KDDI (9433) Status update summary
Event summary combining transcript, slides, and related documents.
Status update summary
15 May, 2026Investigation findings and background
From August 2018 to December 2025, two employees at subsidiaries orchestrated fictitious circular transactions in the advertising agency business, involving 21 out of 218 business partners and accounting for 99.7% of agency sales, with no real advertisers or deliverables.
The scheme was initiated to cover losses and meet sales targets, with Person A receiving personal benefits and Person B acting under instructions, both taking extensive measures to avoid detection, such as fabricating documents and isolating contacts.
No management or other employees were aware of the scheme prior to disclosure, and no similar cases or organized involvement by the parent company or other subsidiaries were found.
The investigation, conducted from January 14 to March 31, 2026, included document reviews, digital forensics, interviews with 80 individuals, and a survey of 778 employees.

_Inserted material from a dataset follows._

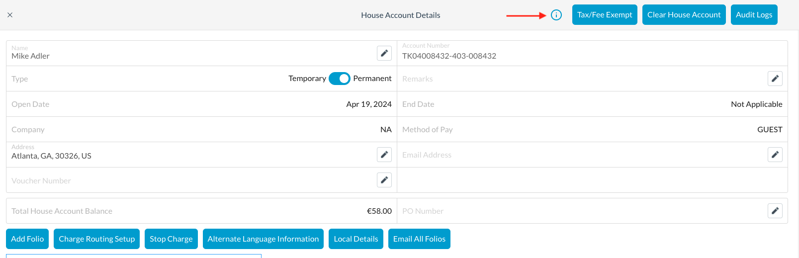 Sélectionnez le compte de votre maison parmi ceux proposés. Cliquez sur l'icÎne (i) en haut à droite de l'écran. | ![]() |

Root causes included lack of expertise in the advertising agency business, overreliance on specific individuals, insufficient risk awareness, inadequate segregation of duties, and weak internal controls and audits.
Financial and operational impact
Cumulative revenue of ¥246.1 billion was reversed, with operating profit reduced by ¥49.9 billion and operating income by ¥150.8 billion; impairment losses totaled ¥64.6 billion and external outflows reached ¥32.9 billion.

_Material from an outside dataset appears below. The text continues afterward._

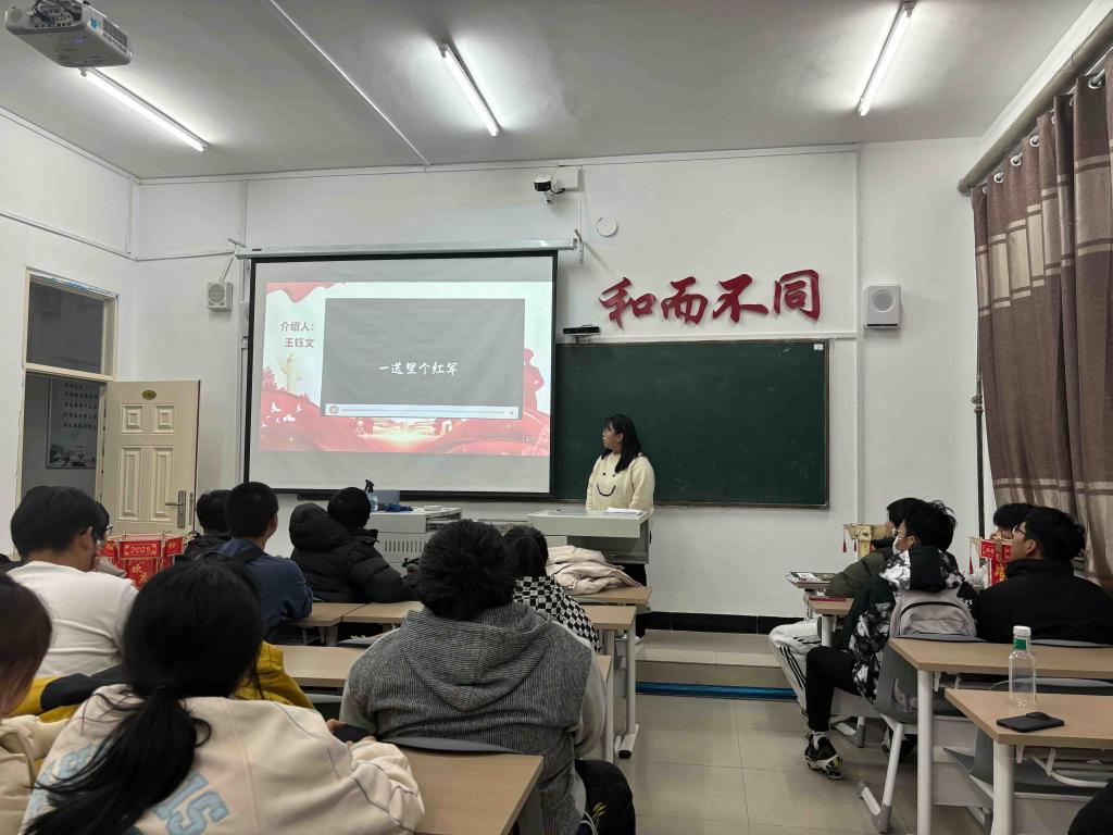 首先,王钰文同学介绍了本次活动的主题和目的,强调了历史影像作为历史的记录的重大作用,承载了无数历史时刻和前辈们的英勇事迹。其次,王钰文同学为同学们播放了一段红色视频,同学们观看认真,从红军战士们不畏艰险、爬雪山过草地的震撼场景到新时代建设者尽心尽力为中华民族伟大复兴而奋斗,展现出坚定的革命信念和顽强的意志。最后,王钰文同学对此次活动做出总结,这些红色视频不仅展现了革命先辈们的英勇无畏和无私奉献,也传递出了强烈的红色基因。同学们激发了强烈的红色基因。

The company revised its full-year forecast downward, reducing revenue by ¥270 billion, operating profit by ¥88 billion, and net income by ¥50 billion.
Financial results for FY26-03 Q3 showed operating revenue up 3.8% and profit for the period up 5.1% year-on-year, with cash flow generation remaining stable.
The impact is considered one-off, with no effect on core telecom and internet businesses or cash flow generation; the mid-term management strategy remains on track.
Amended financial reports and corrections to prior period statements have been filed.
Governance, recurrence prevention, and future initiatives
Key executives and directors at affected subsidiaries resigned, two employees were dismissed, and parent company executives voluntarily returned part of their compensation; disciplinary measures were taken for others with supervisory responsibility.
Recurrence prevention measures include strengthening risk management, segregation of duties, partner management, internal audits, credit management, whistleblowing systems, and ethics education.
Group governance will be reinforced through a new Risk Management Committee, Group Governance Enhancement Committee, and practical engagement to foster transparency.
The company will review all subsidiaries, enhance oversight, and may consider business reorganization or divestment where appropriate.
Civil lawsuits and possible criminal charges are being pursued to recover funds lost through the fictitious transactions.